October 2010 saw Kronenbourg 1664 team up with two different British bands to create adverts for its "Slow the Pace" campaigns: the first was Motörhead who performed a slow acoustic version of their hit "Ace of Spades" in a busy pub. The second was Madness who played a toned down version of their song "Baggy Trousers". The slowed down version later featured on the Madness box set compilation A Guided Tour of Madness (2011) with the song title "Le Grand Pantalon". The two adverts created by ad agency BBH London encouraged the viewer to 'Slow the pace' and savour the taste.

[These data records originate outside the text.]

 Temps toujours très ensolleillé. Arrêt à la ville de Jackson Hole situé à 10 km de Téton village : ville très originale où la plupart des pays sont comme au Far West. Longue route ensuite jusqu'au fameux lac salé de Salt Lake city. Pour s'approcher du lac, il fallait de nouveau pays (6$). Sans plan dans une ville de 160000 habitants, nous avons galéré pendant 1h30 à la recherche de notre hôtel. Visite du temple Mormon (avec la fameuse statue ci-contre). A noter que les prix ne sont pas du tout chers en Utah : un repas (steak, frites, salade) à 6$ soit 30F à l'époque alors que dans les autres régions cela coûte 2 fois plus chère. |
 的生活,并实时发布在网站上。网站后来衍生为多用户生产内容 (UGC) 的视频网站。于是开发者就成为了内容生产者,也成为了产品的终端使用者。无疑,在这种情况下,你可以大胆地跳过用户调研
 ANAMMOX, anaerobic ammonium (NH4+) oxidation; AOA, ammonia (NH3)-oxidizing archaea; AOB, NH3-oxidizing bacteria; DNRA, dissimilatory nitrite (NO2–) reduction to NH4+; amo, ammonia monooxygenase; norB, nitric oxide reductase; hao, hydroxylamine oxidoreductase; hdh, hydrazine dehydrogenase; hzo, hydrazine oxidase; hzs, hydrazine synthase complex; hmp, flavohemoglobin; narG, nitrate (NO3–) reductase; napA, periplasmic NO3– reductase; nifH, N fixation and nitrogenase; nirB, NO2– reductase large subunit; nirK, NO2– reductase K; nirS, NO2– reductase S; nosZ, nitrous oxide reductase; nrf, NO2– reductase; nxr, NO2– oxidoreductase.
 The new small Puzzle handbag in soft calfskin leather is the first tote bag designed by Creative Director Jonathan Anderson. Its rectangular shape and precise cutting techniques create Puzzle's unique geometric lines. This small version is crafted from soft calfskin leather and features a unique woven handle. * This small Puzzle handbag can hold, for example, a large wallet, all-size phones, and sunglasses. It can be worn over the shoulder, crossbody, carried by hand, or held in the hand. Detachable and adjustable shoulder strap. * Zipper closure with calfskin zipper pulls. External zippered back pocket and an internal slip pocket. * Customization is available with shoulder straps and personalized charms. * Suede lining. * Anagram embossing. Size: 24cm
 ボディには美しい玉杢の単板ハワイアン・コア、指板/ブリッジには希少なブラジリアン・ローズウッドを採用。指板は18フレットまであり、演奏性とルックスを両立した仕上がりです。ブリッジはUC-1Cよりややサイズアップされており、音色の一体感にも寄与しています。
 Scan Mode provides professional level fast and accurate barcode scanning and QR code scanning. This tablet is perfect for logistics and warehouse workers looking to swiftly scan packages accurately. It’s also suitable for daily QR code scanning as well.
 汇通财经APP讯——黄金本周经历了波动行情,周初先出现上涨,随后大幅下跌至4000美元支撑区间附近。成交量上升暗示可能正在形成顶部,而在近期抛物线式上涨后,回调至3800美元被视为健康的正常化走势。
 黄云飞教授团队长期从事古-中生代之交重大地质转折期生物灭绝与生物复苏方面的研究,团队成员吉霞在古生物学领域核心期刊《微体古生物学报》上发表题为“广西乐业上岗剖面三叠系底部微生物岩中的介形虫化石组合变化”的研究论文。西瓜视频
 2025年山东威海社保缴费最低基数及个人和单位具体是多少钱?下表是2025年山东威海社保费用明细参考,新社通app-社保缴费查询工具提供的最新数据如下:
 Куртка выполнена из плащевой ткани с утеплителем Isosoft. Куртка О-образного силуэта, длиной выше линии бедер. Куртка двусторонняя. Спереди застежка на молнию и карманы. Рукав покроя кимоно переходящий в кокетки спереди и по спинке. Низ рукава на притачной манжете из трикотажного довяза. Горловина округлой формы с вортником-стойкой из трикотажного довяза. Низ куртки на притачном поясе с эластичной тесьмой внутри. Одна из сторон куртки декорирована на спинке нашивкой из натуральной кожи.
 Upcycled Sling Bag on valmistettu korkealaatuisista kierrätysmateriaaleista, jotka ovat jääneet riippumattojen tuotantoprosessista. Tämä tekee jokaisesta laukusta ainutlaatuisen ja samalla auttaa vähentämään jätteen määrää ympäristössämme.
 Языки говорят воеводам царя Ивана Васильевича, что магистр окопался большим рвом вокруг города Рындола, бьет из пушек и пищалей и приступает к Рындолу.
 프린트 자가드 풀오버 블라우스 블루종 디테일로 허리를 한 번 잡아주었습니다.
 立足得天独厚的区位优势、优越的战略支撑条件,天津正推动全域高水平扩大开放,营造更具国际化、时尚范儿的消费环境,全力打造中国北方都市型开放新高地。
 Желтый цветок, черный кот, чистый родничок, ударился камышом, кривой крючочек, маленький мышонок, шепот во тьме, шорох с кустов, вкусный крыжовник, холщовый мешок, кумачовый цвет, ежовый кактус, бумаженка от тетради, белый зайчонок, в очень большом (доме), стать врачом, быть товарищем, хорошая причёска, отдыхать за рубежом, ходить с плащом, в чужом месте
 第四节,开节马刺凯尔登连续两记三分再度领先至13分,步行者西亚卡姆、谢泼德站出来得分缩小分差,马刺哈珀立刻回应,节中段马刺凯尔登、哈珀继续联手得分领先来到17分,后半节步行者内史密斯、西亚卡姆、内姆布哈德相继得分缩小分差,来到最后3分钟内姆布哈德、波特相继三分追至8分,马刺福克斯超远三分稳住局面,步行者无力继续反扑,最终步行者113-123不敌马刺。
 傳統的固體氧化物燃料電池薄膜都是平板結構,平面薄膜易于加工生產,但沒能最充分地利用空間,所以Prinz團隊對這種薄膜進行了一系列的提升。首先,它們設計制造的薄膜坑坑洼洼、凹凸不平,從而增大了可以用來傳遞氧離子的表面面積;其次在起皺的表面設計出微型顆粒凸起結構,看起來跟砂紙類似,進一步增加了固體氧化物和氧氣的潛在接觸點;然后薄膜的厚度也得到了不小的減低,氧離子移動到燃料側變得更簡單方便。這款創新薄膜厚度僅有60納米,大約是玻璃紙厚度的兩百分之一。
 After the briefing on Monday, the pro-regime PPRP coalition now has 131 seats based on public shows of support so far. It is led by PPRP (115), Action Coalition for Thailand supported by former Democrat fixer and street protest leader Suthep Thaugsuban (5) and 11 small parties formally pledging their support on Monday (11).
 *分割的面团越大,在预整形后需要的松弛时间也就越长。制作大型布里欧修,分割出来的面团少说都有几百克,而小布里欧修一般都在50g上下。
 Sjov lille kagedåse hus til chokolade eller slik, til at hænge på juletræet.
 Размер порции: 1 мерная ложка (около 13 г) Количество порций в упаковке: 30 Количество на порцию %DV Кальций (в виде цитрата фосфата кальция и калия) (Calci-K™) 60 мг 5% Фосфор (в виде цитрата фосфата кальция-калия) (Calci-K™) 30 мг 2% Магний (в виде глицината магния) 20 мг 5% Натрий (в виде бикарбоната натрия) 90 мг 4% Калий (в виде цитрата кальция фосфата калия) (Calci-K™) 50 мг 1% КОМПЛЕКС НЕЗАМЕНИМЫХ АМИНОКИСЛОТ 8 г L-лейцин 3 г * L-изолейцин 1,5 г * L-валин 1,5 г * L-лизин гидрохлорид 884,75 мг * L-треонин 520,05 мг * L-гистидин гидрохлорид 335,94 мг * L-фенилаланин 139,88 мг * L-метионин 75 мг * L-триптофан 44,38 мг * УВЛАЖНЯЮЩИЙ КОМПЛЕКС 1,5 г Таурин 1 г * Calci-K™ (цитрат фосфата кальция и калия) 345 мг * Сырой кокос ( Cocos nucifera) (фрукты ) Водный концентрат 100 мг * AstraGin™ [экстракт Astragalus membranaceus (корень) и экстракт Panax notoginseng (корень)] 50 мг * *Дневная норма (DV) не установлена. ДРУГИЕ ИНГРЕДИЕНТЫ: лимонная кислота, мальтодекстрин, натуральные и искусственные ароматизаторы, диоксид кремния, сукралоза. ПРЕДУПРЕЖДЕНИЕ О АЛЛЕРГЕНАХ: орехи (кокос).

In March 2013, Kronenbourg 1664's "A Taste Suprême" advertising campaign began. In the television advertisement, former professional footballer Eric Cantona played a starring role as brand ambassador. The ad plays on the idea that the hop farmers in France are treated like the celebrity footballers of the UK. The ad was created by advertising agency Ogilvy & Mather and featured the Queen song "We Are the Champions".

In 2014, complaints were made to the Advertising Standards Authority, which subsequently decided to ban the 2013 ad from being aired on the grounds that it was misleading. Months later, this ruling was overturned after Heineken submitted a request for the ruling to be reconsidered.

2016 saw the return of Cantona featuring in four videos for the digital campaign #lebigswim, the premise being that if 10,000 British people agreed that Kronenbourg 1664 is the best tasting beer in the world then Cantona would swim the English Channel.

Cantona was also to appear again on television screens in association with Kronenbourg 1664. In 2016, the ex-Manchester United player featured in a television advert called "The Alsace-tians". The concept of the TV ad plays off common depictions of St Bernard dogs with barrels around their necks, however in this ad they used Alsatians who deliver Kronenbourg 1664 to the deserving.